- Account transactions that are inconsistent with past deposits or withdrawals such as cash, cheques, wire transfers, etc.
- Transactions involving a high volume of incoming or outgoing wire transfers, with no logical or apparent purpose that come from, go to, or transit through locations of concern that is sanctioned countries, non-cooperative nations and sympathizer nations.
- Unexplainable clearing or negotiation of third party cheques and their deposits in foreign bank accounts.
- Structuring at multiple branches or the same branch with multiple activities.
- Corporate layering, transfers between bank accounts of related entities or charities for no apparent reasons.
- Periodic transfers made by several people to the same beneficiary or related persons.
- Lack of apparent fund raising activity, for example a lack of small cheques or typical donations associated with charitable bank deposits.
- Using multiple accounts to collect funds that are then transferred to the same foreign beneficiaries
- Transactions with no logical economic purpose, that is, no link between the activity of the organization and other parties involved in the transaction.
- Overlapping corporate officers, bank signatories, or other identifiable similarities associated with addresses, references and financial activities.
- Cash debiting schemes in which deposits in the US correlate directly with ATM withdrawals in countries of concern.

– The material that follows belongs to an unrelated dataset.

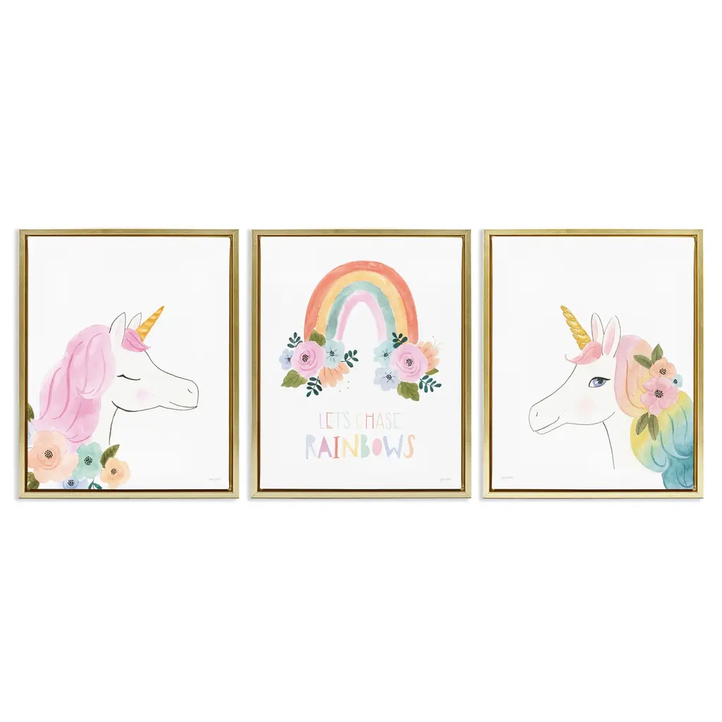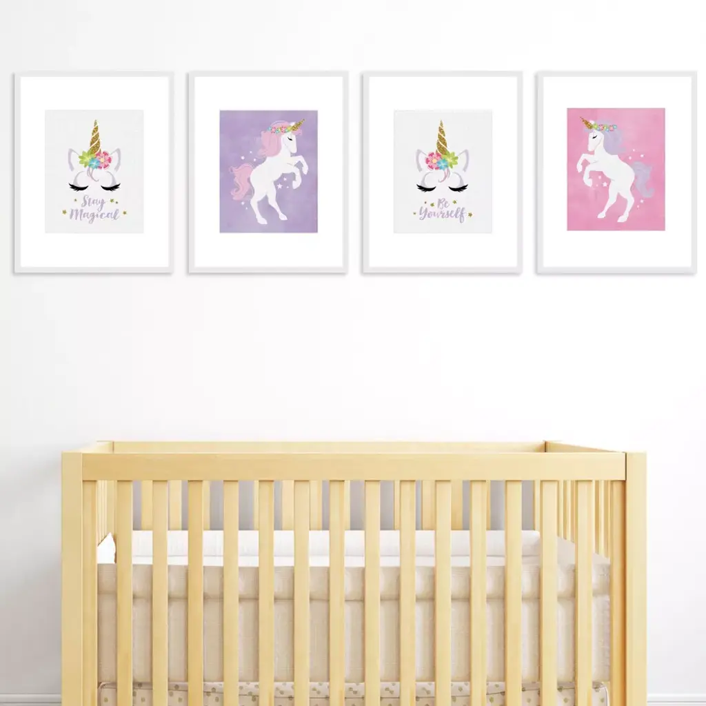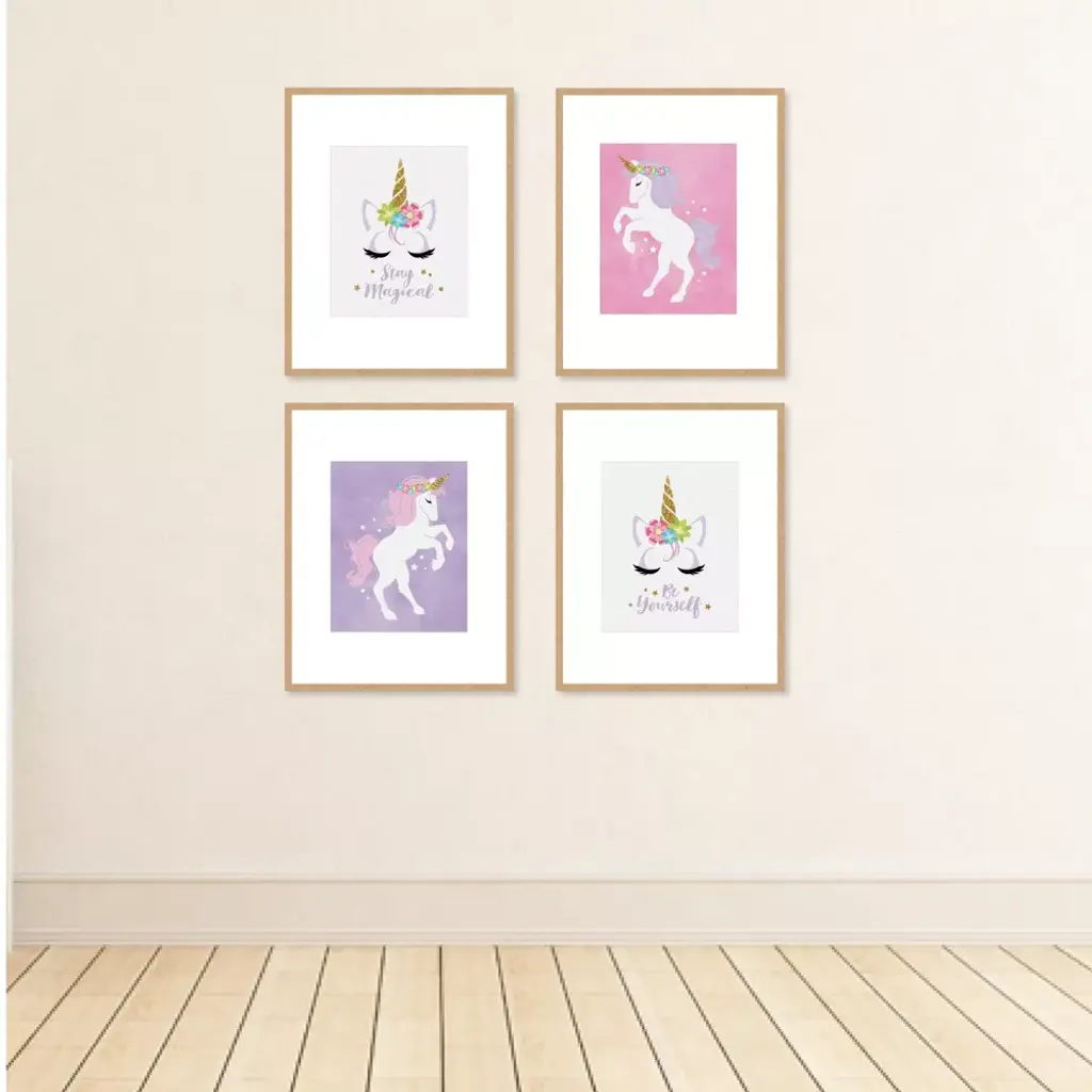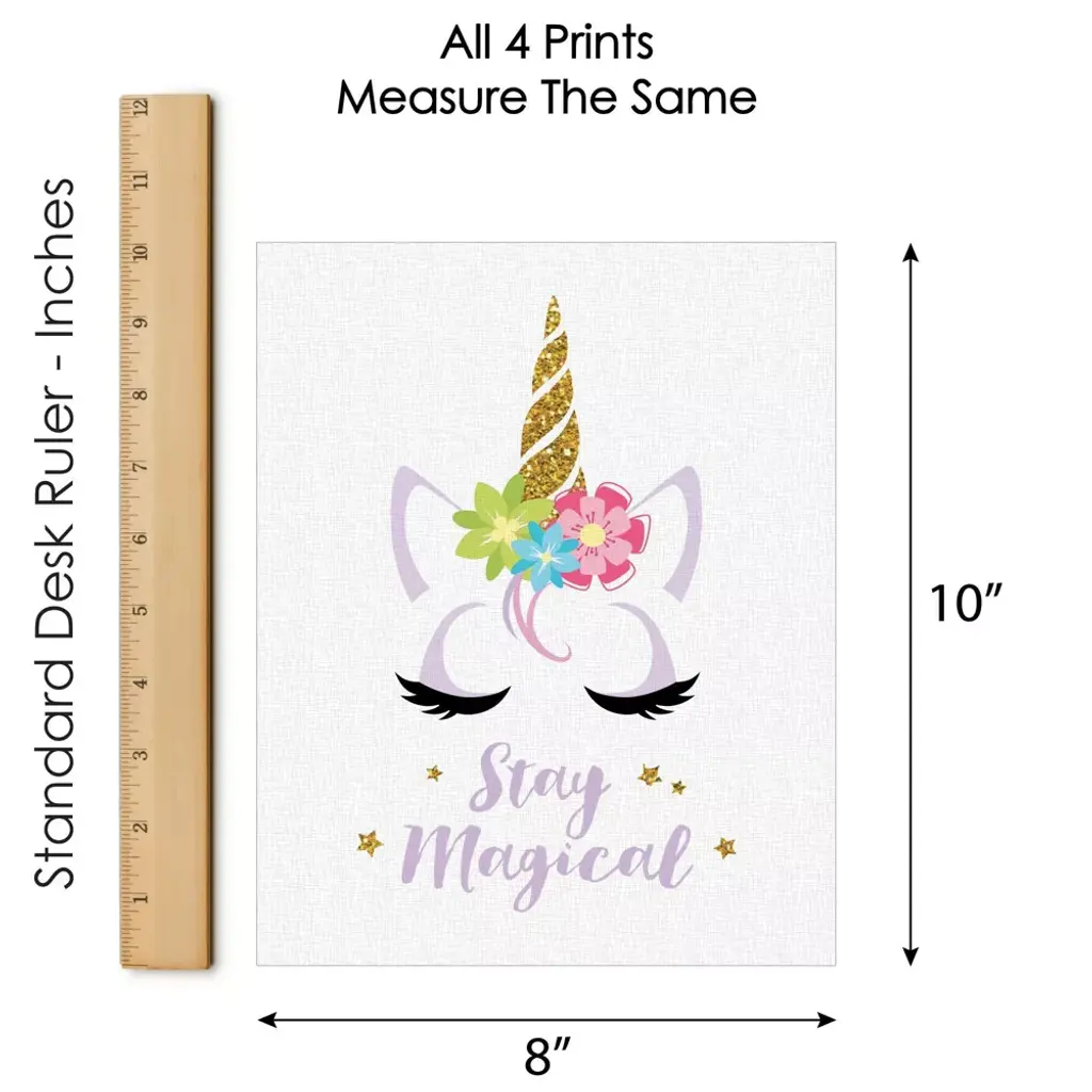 Rainbow Unicorn Artisms INCLUDES: Set of 4 linen paper wall art prints. Each print SIZE 8 inches x 10 inches. These 4 unframed prints are perfect home decor for Child's nursery, playroom, bathroom or bedroom. WALL ART SET: Magical unicorn unframed prints are a coordinating set of 4 prints that will give your wall a pulled together look. This set is printed for vertical wall art display. Choose to display as gallery wall set or use each print to style 4 individual moments throughout your home. HOME DECOR: Give your home a contemporary room update with Rainbow Unicorn art prints. This set of 4 Child's nursery, playroom, bathroom or bedroom design prints feature unicorns, "Stay Magical", and "Be Yourself". HIGH-QUALITY ART PRINTS: Rainbow Unicorn vertical wall art prints are professionally printed one-sided on textured linen paper. Linen paper gives these prints a fine finish. Set of 4 wall art prints will come unframed, giving you the creative direction to display how you like. Each linen paper print measures 8 inches x 10 inches. MADE IN THE USA: Rainbow Unicorn linen paper wall art set is designed and manufactured at our Wisconsin facility using materials that are Made in the USA. Rainbow Unicorn art prints use a No-Mess Glitter Print: Our unframed wall art prints are designed with a printed image of glitter, eliminating glitter flake while maximizing bling effect!

Reverse transactions of this nature are also suspicious.
- Issuing cheques, money orders or other financial instruments, often numbered sequentially, to the same person or business, or to a person or business whose name is spelled similarly.
- Transfers over a short period of time of low amount that together represent a large sum of money.
- Mismatch between the economic activity, country of origin, or person and the money remittance received.
- Sudden inflow of funds in cash followed by sudden outflow through financial instruments such as drafts and cheques.